== WHAT NEEDS TO BE DONE ==
Scan the records below for the line with "I told Kuya" and the line with "为帮助新生塑造规划能力,明晰", and retype that range exactly, both ends included, pictures excepted.

== SOURCE RECORDS ==
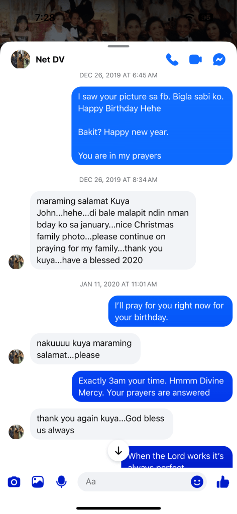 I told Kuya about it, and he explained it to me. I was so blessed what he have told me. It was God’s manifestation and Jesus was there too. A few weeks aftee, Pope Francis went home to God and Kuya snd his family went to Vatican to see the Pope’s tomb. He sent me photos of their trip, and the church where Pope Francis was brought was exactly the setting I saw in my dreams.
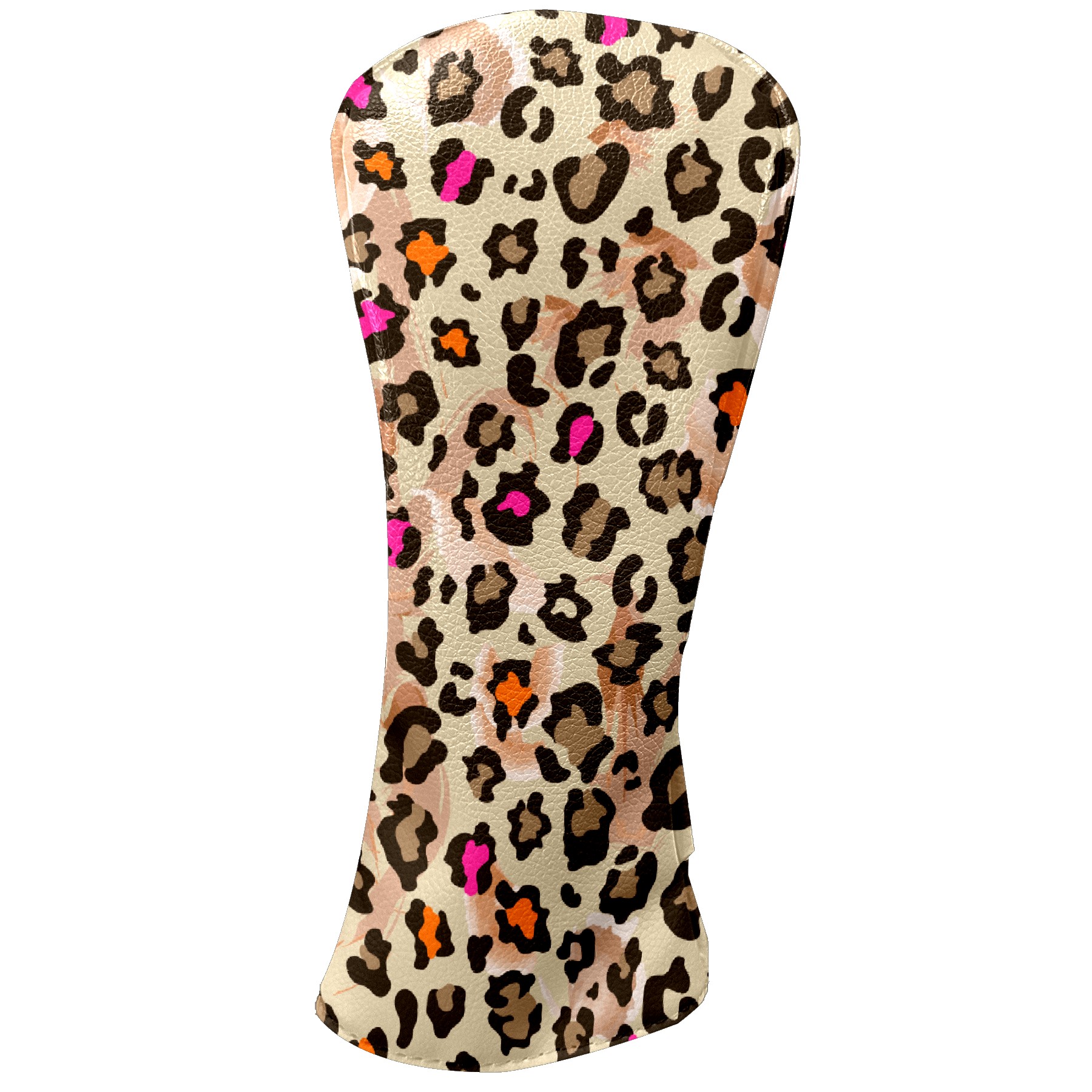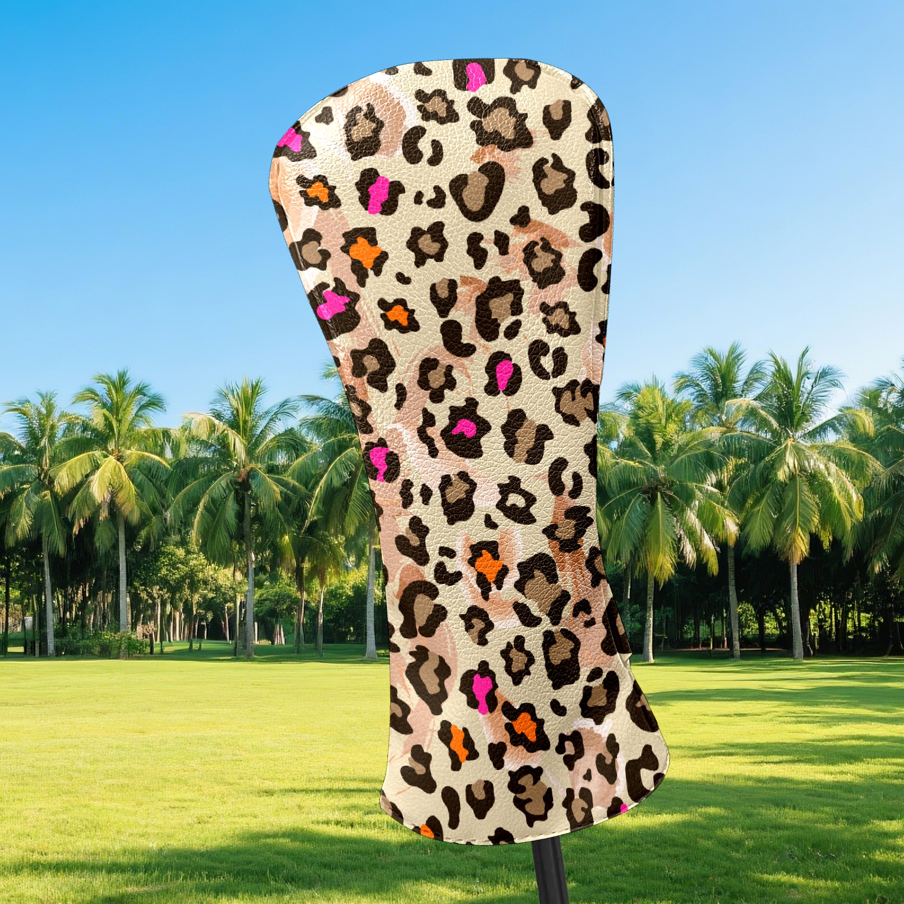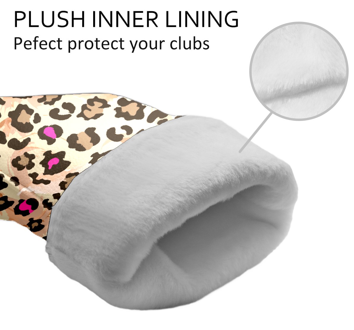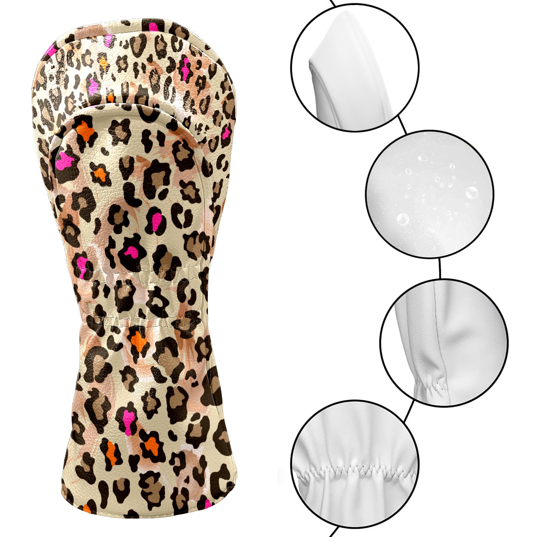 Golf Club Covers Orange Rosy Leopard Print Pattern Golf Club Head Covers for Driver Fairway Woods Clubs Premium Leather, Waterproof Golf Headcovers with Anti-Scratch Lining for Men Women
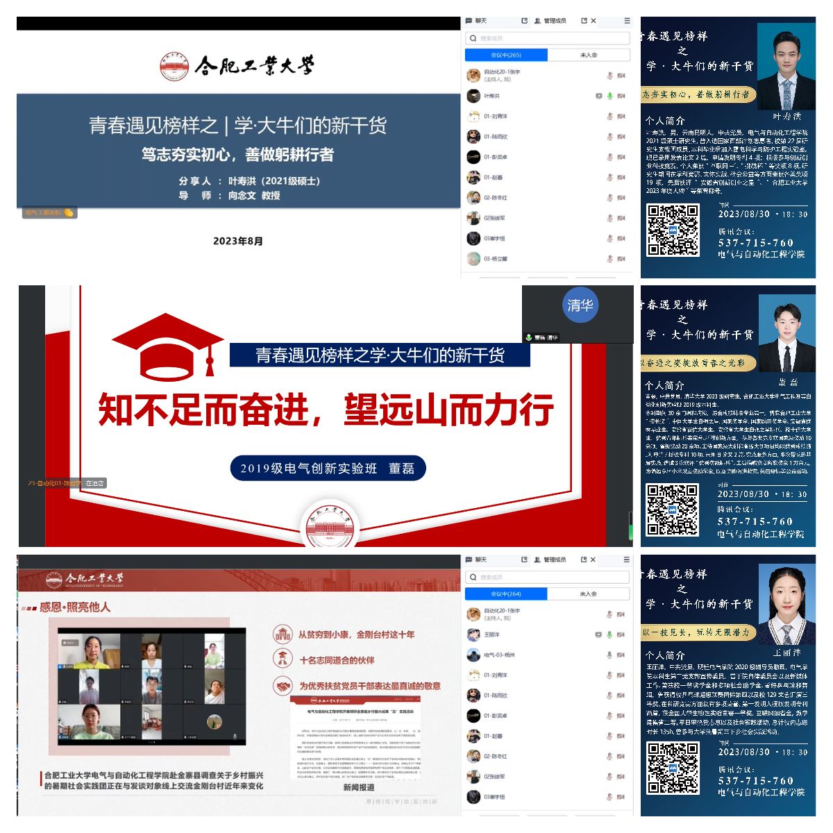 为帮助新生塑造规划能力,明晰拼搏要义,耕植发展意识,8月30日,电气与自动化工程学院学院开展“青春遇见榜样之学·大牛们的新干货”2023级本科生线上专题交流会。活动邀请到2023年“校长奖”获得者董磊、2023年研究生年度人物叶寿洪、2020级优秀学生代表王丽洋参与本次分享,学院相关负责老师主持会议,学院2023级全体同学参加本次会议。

...

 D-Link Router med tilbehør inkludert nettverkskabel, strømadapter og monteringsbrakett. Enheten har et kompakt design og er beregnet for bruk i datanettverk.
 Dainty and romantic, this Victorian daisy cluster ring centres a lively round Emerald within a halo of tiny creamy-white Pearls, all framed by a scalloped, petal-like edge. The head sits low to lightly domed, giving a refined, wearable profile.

* * *

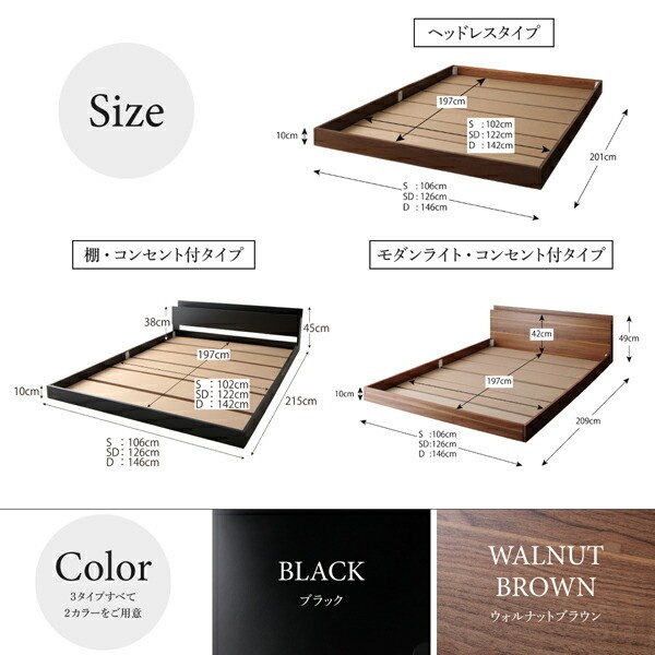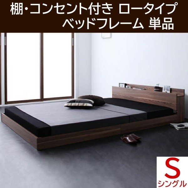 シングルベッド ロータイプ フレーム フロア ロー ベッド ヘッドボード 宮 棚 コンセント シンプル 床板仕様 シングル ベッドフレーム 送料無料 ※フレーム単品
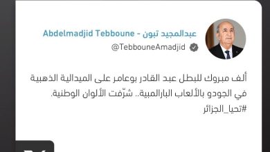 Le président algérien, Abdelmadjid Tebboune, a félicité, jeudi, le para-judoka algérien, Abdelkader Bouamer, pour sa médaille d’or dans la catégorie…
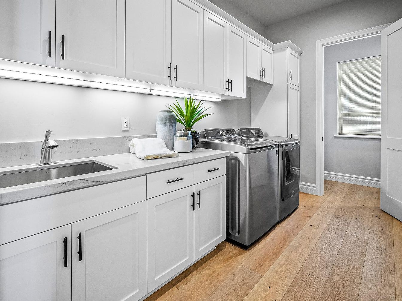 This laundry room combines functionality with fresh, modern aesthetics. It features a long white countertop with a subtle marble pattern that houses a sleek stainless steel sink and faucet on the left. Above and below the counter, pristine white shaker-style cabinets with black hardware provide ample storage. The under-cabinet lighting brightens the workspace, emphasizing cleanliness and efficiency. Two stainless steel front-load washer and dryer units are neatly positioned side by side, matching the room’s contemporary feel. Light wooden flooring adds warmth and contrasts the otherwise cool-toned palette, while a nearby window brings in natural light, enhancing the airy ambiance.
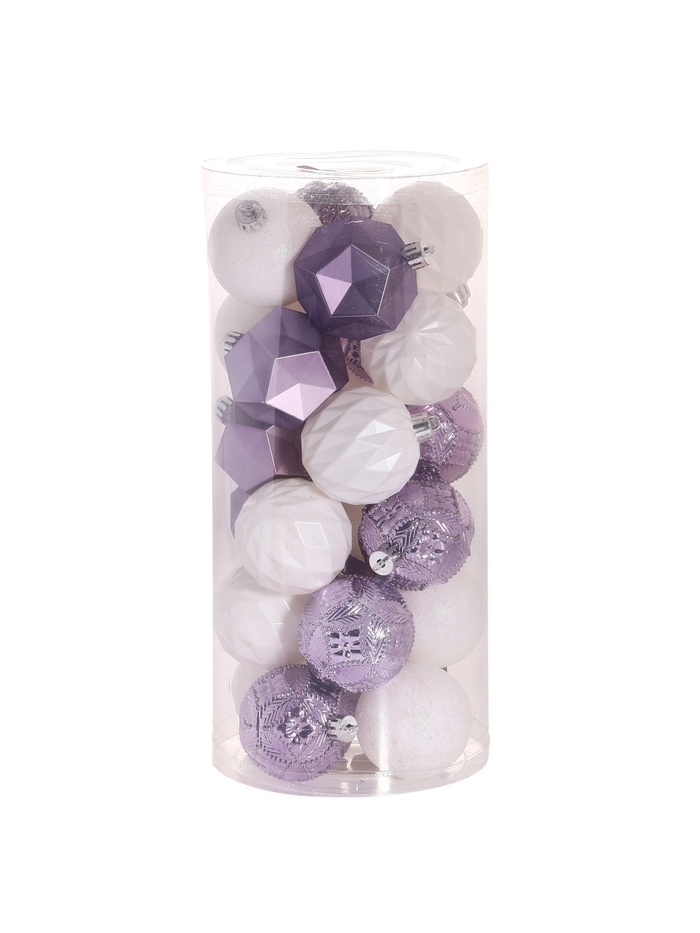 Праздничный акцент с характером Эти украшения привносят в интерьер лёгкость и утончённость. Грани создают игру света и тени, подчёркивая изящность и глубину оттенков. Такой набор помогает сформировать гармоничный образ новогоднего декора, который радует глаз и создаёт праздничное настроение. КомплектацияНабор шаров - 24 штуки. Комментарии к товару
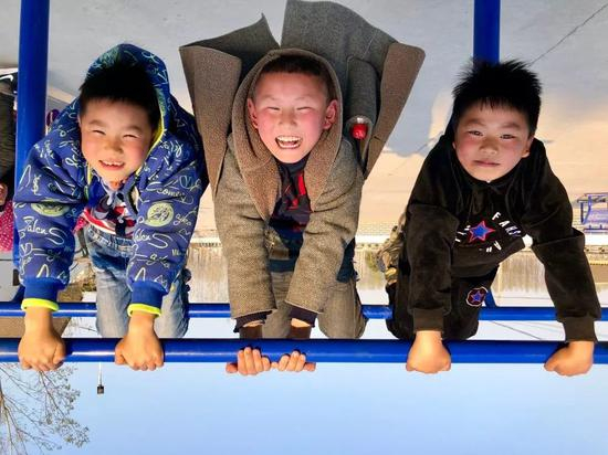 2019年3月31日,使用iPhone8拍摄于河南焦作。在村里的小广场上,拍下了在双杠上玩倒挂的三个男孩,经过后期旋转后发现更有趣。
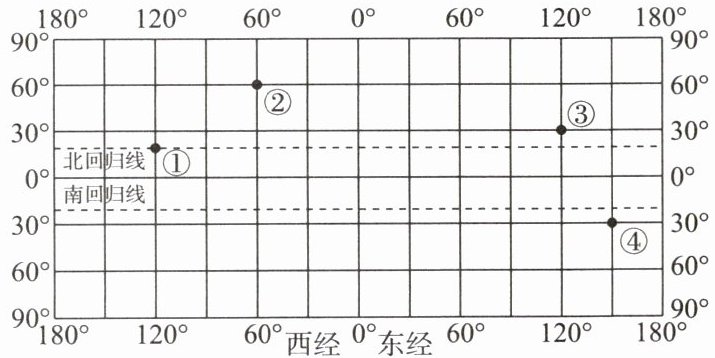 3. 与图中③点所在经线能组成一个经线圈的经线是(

== ANSWER TO THIS EXERCISE ==
 I told Kuya about it, and he explained it to me. I was so blessed what he have told me. It was God’s manifestation and Jesus was there too. A few weeks aftee, Pope Francis went home to God and Kuya snd his family went to Vatican to see the Pope’s tomb. He sent me photos of their trip, and the church where Pope Francis was brought was exactly the setting I saw in my dreams.
 Golf Club Covers Orange Rosy Leopard Print Pattern Golf Club Head Covers for Driver Fairway Woods Clubs Premium Leather, Waterproof Golf Headcovers with Anti-Scratch Lining for Men Women
 为帮助新生塑造规划能力,明晰拼搏要义,耕植发展意识,8月30日,电气与自动化工程学院学院开展“青春遇见榜样之学·大牛们的新干货”2023级本科生线上专题交流会。活动邀请到2023年“校长奖”获得者董磊、2023年研究生年度人物叶寿洪、2020级优秀学生代表王丽洋参与本次分享,学院相关负责老师主持会议,学院2023级全体同学参加本次会议。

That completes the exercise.